# business plan for clothing line.....



## Binary01

i have searched a few websites/etc for a sample dowload for a clothing line business plan.... all i came across was for retail and the typical plans for larger businesses....

anyone have a sample outline for a clothing line?????

and all the sites i go to try to get you to buy a program....

unless theres some program tucked away in the OS vista system i'm running........

just need to figure out i'm covering all my bases in the outline/etc....... i'm meeting with a marketing guy soon and want to make sure i have my plan done......

i did go to bplans.com and checked that out.......

b

edit: i'm just copy/paste things until i come up with something..... maybe i'll post the outline when i'm done....


----------



## robi

A great source to look that may help you at is the SBA.gov site. There may not specifically be a sample plan for a clothing line, but the samples are really only to get your mind moving and then you have to sit down and write your own by working out all the questions the biz plan forces you to examine and resolve. It's not like a template website, where you grab a generic design and simply change the title and and some simple text and whalah! it's done. Writing a business plan is a very in depth look at all aspects of YOUR business. Maybe these couple links will be helpful.
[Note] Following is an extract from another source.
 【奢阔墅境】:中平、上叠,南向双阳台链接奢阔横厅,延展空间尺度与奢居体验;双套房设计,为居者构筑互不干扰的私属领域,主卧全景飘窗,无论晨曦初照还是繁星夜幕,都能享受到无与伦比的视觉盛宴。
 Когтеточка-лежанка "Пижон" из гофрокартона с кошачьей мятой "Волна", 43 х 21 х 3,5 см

Small Business Administration - Get Ready

Small Business Administration - Write a Business Plan

Oh yeah, and these are free


----------



## Binary01

thanks....

i have been copy/pasting what i think will work..... i have 12 pages so far........ not sure how long it has to be or what...... but hopefully i can get some feedback from this person i'm supposed to meet with......

i have realized alot of little things that i might be able to use for marketing by typing all this stuff out........

b


----------



## robi

237am said:


> i have been copy/pasting what i think will work.....
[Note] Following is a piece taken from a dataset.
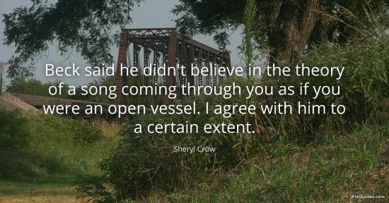 Crow, Sheryl. "Beck said he didn't believe in the theory of a song coming through you as if you were an open vessel. I agree with him to a certain extent." FixQuotes. January 15, 2026. https://fixquotes.com/quotes/beck-said-he-didnt-believe-in-the-theory-of-a-157283/.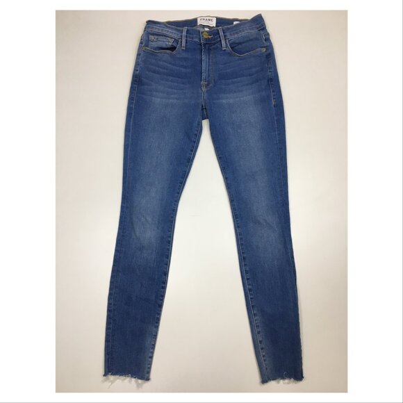 FRAME Denim 5Pocket Logo Button Beso Wash Le Skinny De Jeanne Raw Edge Hem Jeans

 That's exactly what you _don't_ want to do! LOL The plan really is something unique to only _your_ business. There's nothing to copy/paste! These are questions/answers only you can answer in regards to you own biz specifically. Spend some time working thru the links with paper & pen in hand... it will take you a *good while* to be able to work thru everything. Good luck


----------



## Binary01

figures i would edit things out and add things once i get the ball rolling...... just need to get some questions/sections that i wouldnt normally think of or breakdown.......


----------



## Jasonda

Toronto Fashion Incubator has a business plan template that you can buy. I bought it. It's pretty good, and specific to the industry. They also sell a guide that is good as well.. you can buy both together for $47. It's made for the Canadian market but you can adjust it to the US market pretty easily. Toronto Fashion Incubator :: fashion toronto incubator (under "Shop")

I also searched for a long time for a free one with no luck.


----------



## Binary01

thanks...i'll look into that............... and i havent found anything thats close for templates either.....

b


----------